Egg roast has a very strong tie to my brother. During his time in Dubai, he’d land in the Cochin airport and before even saying hello, would start with “let’s get mutta roast on the way home”. It’s a 2-hour drive from Cochin airport to our home in Kottayam and all the way, we’d be on the hunt for the perfect egg roast. Sometimes, you find them in the smallest roadside stalls where a chettan and his family would be making hot Kerala breakfast items like appam, puttu, idiyappam and such with a big bowl of kadala curry and egg roast to go with these. Such deliciousness!
After we get a hot steaming breakfast on the way, my mom would declare that she can make an equally good egg roast a home, if not better. And so during the 1-2 week customary stay, we would get to taste her homemade version of mutta roast with either appam or idiyappam. This is my amma’s recipe, the way we love it.
KERALA EGG ROAST RECIPE
Preparation time: 10 minutes
Cooking time: 30 minutes
Recipe source: Amma
Note: I have scaled down the recipe to serve 4, the portion in the pictures below was for 10 people
2.5 cups of onions, sliced thin, tightly packed
1 cup of ripe tomatoes, cut into small cubes
A fistful of fresh curry leaves
2 tbsp of coconut oil
1/2 tsp of red chilli powder (adjust to taste)
1/2 tsp of cumin powder (jeerakam powder)
1 tsp of coriander powder (malli powder)
1/4 tsp of turmeric powder
1/4 tsp of black pepper powder
2 green chillies (split – optional – adjust red chilli powder quantity accordingly)
3 tbsp of finely chopped coriander leaves (cilantro) for garnish
1/2 tsp of mustard seeds
1 tsp of freshly crushed garlic
1 tsp of grated fresh ginger
To Boil the Eggs:
Here’s how I make perfect boiled eggs after seeing the instructions on Martha Stewart’s website.
Wash the eggs thoroughly under running water and add to a pan of tap water. Use a large enough pan so that the eggs are not on top of each other and make sure there’s enough water to cover the eggs completely.
Place on medium heat and bring the water to a rolling boil. Once it starts boiling well, turn off heat and cover the pan. Set aside for 30 mins or so while you prepare the gravy for egg roast.
To Make Kerala Egg Roast Gravy
In a large pan (we use cast iron pan usually and this gives the gravy a darker colour), add the coconut oil and mustard seeds. When the mustard seeds start to pop, add the sliced onions and curry leaves.

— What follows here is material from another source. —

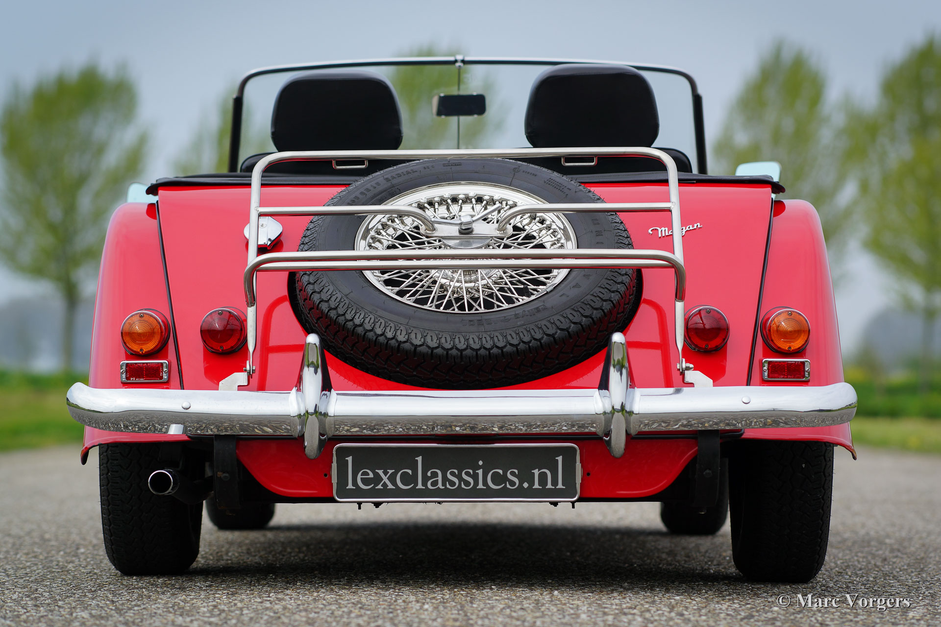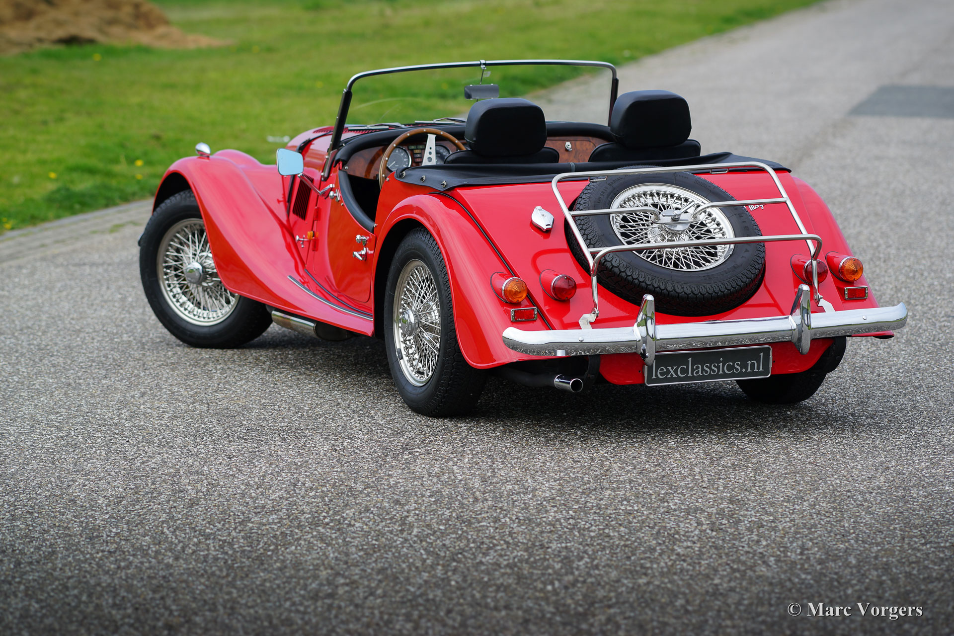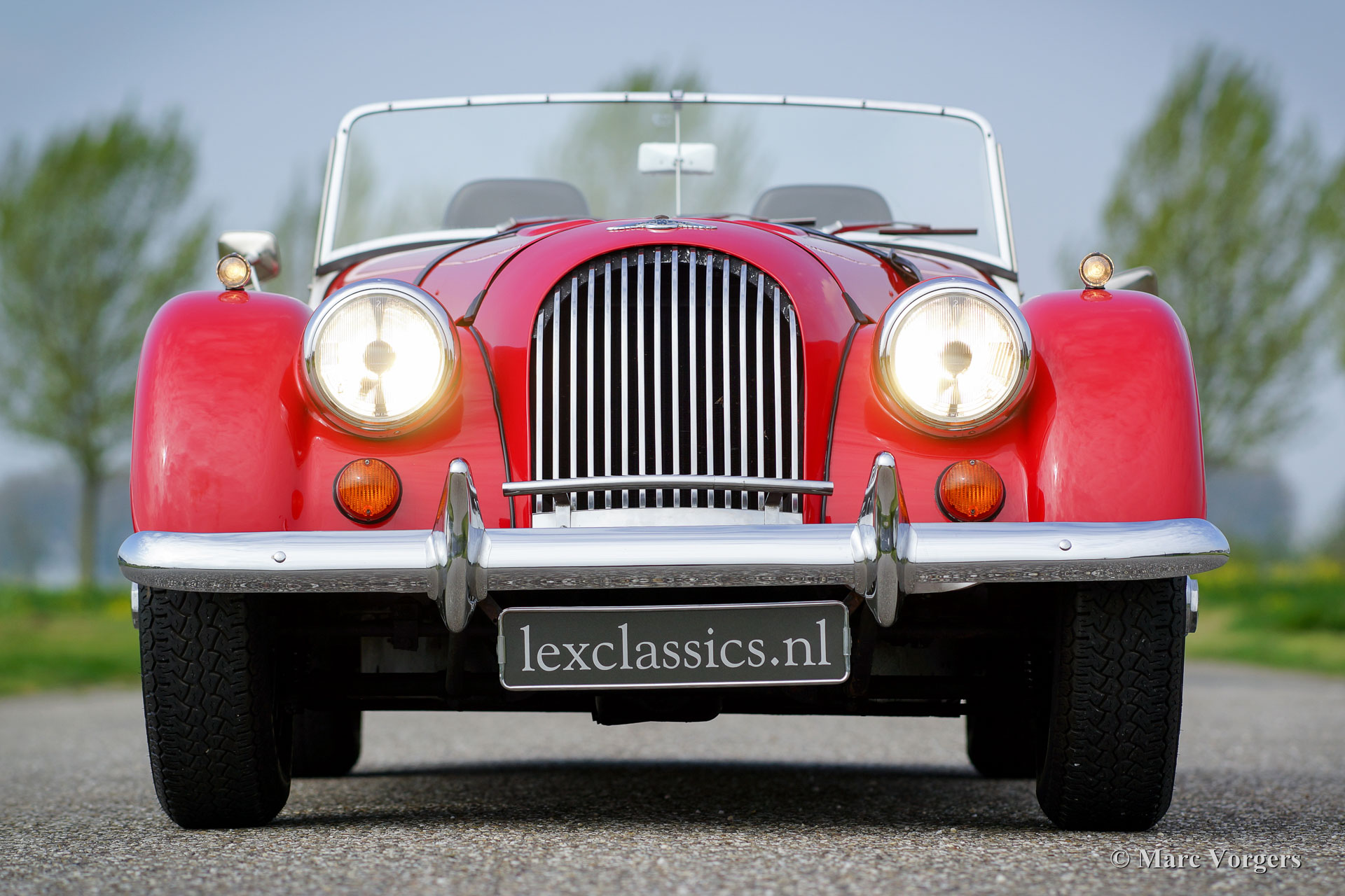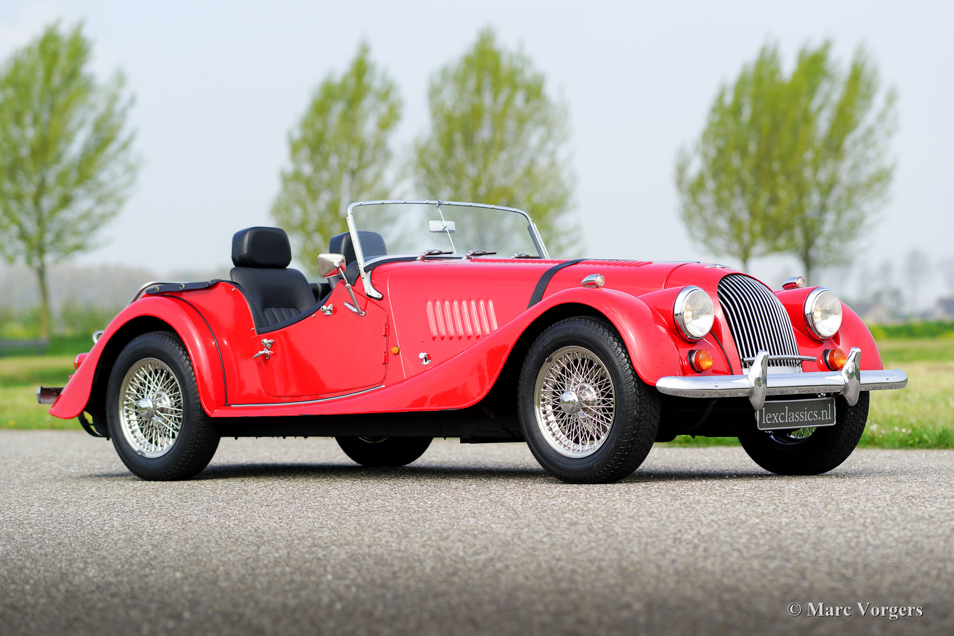 Morgan 4/4 1600, year 1988. Colour red with a black leather interior. This wonderful Morgan was sold new in the Netherlands. This Morgan is in a superb original condition and the car drove only 34.764 km from new. The automobile features chrome wire wheels, two door mounted rear-view mirrors, a walnut dashboard, black soft-top, tonneau cover and a leather strap across the bonnet. This is a top-specimen!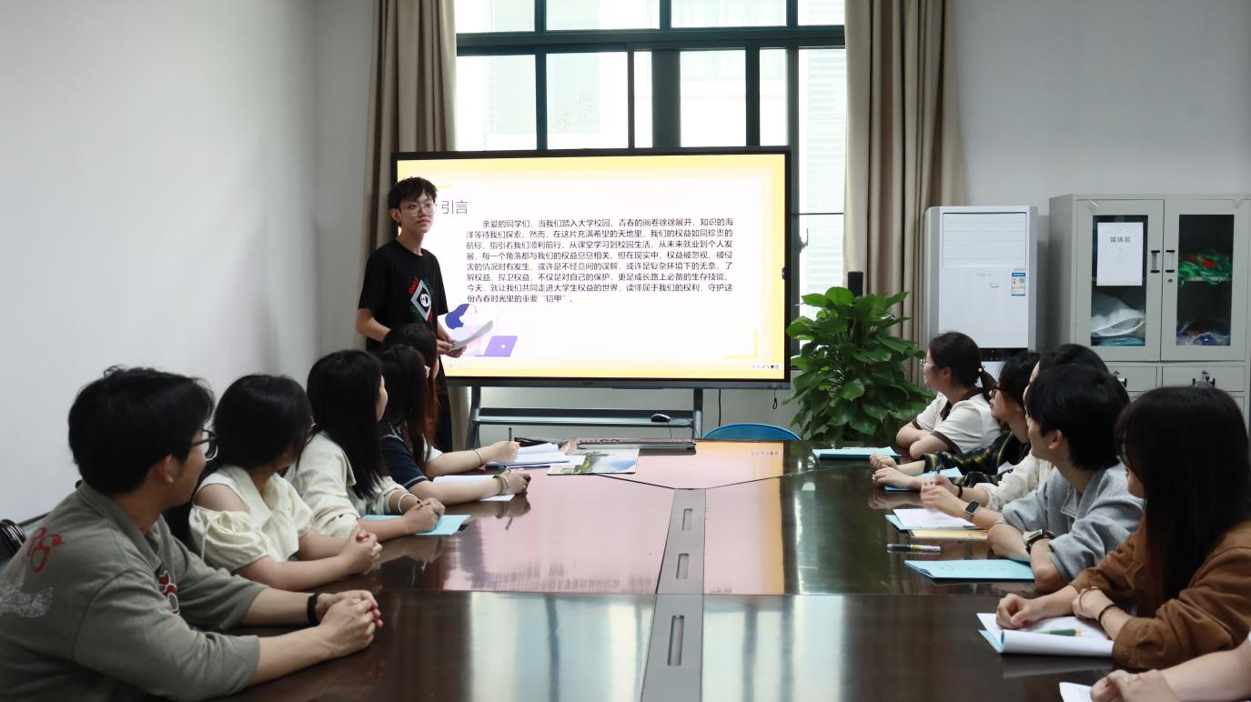 为增强大学生权益保护意识,提升学生自我维权能力,5月6日中午,番号鸽 团委学生会于求是楼316开展“大学生权益知多少”权益维护宣讲会。本次宣讲会由团委学生会生活部负责人葛欣恺主讲,第十九届团委学生会全体成员参与。

Roast the onions on low heat until uniformly light brown in colour. The key here is to not overcook or fry the onions too much. We are looking for cooked yet soft onions for the gravy. Keeping flame low makes sure the sides of the onions don’t get burned.
Now add the ginger and garlic and saute for 30 seconds until fragrant. Then add all the spices – chilli powder, jeera powder, coriander powder, turmeric, and pepper. Fry for a minute on low heat.

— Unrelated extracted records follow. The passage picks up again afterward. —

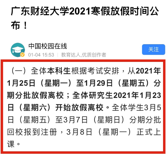 近日,广东多所高校也陆续发布寒假安排一起来看看吧!
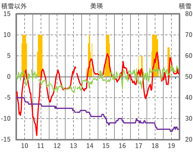| 日 | 時 | 気温 | 降水 | 風向/風速 | 日照 | 積雪 | 降雪 |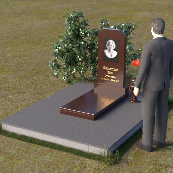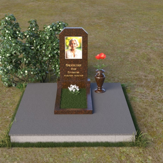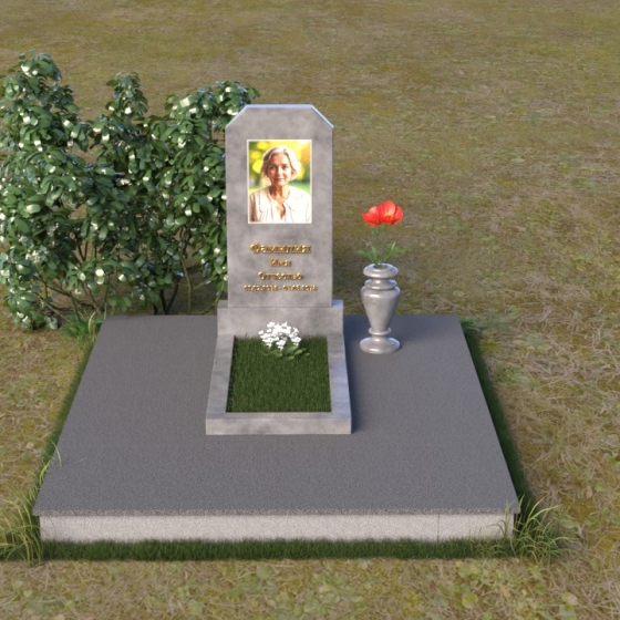 Оформление: Для этой формы надгробия рекомендуется использовать гравировку портрета в верхней части стелы, а ниже разместить ФИО и даты жизни. Четкий шрифт и лаконичный стиль надписи подчеркнут строгость и элегантность композиции. Портрет, выполненный с высокой детализацией, позволит сохранить образ ушедшего в памяти близких.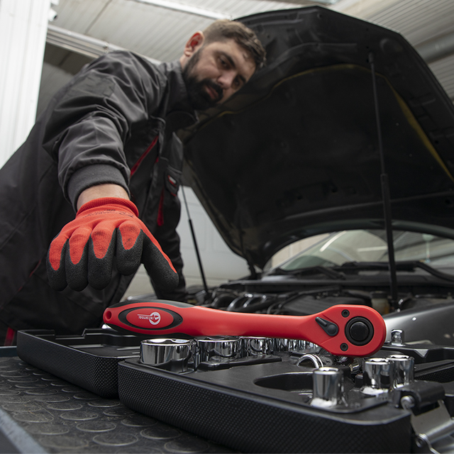 Механізм тріскачки має плавний хід у 72 зубці, відрізняється високою точністю та зносостійкістю. Швидке скидання головок та наявність реверсу спростять й прискорять роботу майстра. Вигнута форма ручки для зручної роботи у важкодоступних місцях. Головки надійно фіксуються на посадкових квадратах тріскачок, не спадають й щільно прилягають до поверхні кріплення. Тріскачка повністю вкрита захисним шаром поліпропілену з гумовою накладкою в місці хвата для кращої фіксації в руці, не ковзає й не випадає під час роботи.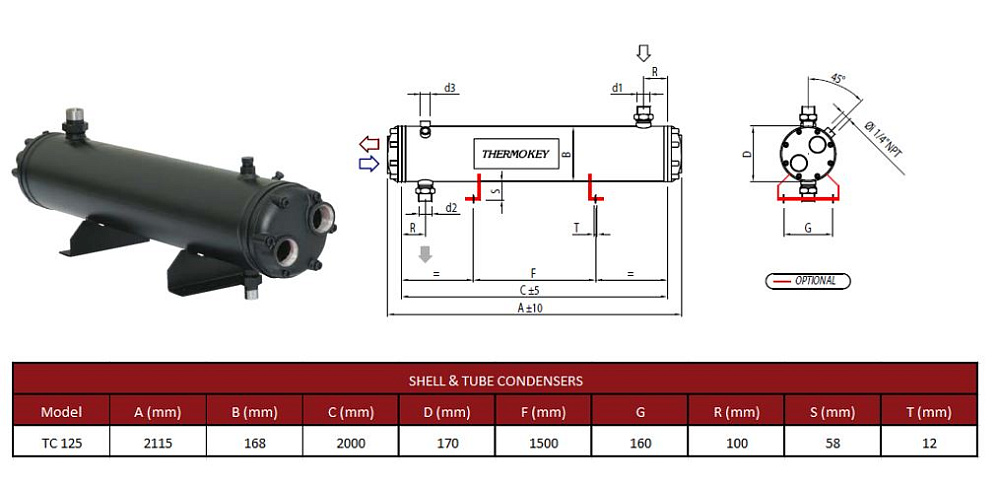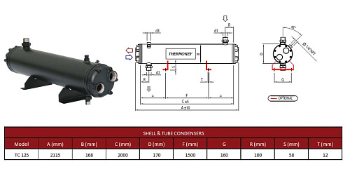 Конденсатор кожухотрубный Thermokey серии «TC» 125 кВт, R407c, Tk=+33.5 , Tw +15 / +30, TC 125

Next, add the cubed tomatoes and green chillies (if using) along with 1 cup water. Remember to adjust the level of heat you’d prefer. We like our egg roast on the spicy side. Cook this gravy until the tomatoes are soft. This takes about 7 mins or so. Add more water if the gravy becomes too thick but too not too much. Egg roast is meant to have a thick non-watery gravy.

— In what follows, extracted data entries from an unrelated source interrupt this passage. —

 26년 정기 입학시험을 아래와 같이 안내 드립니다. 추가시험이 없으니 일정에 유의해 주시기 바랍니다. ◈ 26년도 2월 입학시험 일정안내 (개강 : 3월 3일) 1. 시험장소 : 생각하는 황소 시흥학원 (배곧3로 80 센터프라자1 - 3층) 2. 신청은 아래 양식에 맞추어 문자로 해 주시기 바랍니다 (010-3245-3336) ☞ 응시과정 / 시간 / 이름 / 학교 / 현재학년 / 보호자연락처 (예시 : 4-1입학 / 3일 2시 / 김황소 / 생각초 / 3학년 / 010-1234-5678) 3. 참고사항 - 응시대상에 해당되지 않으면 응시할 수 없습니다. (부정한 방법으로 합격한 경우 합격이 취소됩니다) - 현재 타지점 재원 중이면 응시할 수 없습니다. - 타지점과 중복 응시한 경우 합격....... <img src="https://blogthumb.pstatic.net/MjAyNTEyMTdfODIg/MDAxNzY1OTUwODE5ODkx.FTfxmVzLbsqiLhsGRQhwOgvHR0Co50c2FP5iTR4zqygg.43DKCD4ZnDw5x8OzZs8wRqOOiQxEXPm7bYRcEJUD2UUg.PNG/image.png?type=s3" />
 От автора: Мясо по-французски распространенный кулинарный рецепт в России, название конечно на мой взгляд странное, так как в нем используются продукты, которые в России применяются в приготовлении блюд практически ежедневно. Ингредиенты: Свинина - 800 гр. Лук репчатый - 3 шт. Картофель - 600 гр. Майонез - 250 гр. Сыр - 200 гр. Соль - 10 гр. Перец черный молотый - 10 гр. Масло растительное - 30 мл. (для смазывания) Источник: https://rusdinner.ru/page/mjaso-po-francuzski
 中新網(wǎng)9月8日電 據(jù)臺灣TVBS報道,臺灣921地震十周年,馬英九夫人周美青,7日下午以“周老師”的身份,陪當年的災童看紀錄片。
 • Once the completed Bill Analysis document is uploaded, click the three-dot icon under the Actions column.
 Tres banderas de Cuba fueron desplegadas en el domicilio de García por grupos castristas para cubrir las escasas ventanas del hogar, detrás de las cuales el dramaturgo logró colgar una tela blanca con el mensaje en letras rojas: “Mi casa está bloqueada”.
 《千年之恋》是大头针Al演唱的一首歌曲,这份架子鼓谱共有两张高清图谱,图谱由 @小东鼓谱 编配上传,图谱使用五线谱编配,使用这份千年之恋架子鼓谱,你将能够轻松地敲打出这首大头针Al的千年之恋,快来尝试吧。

When the gravy is cooked and mushy, add chopped coriander leaves and salt. A pinch of sugar is a good idea too.
Now go back to our pan of boiled eggs and shell them carefully. Make small slits on the side of the eggs and pour the gravy on top.
Give the egg roast a gentle mix and let it sit for 10-15 mins for the eggs to soak up the gravy a bit.
All done! Serve Kerala egg roast with any side of your choice.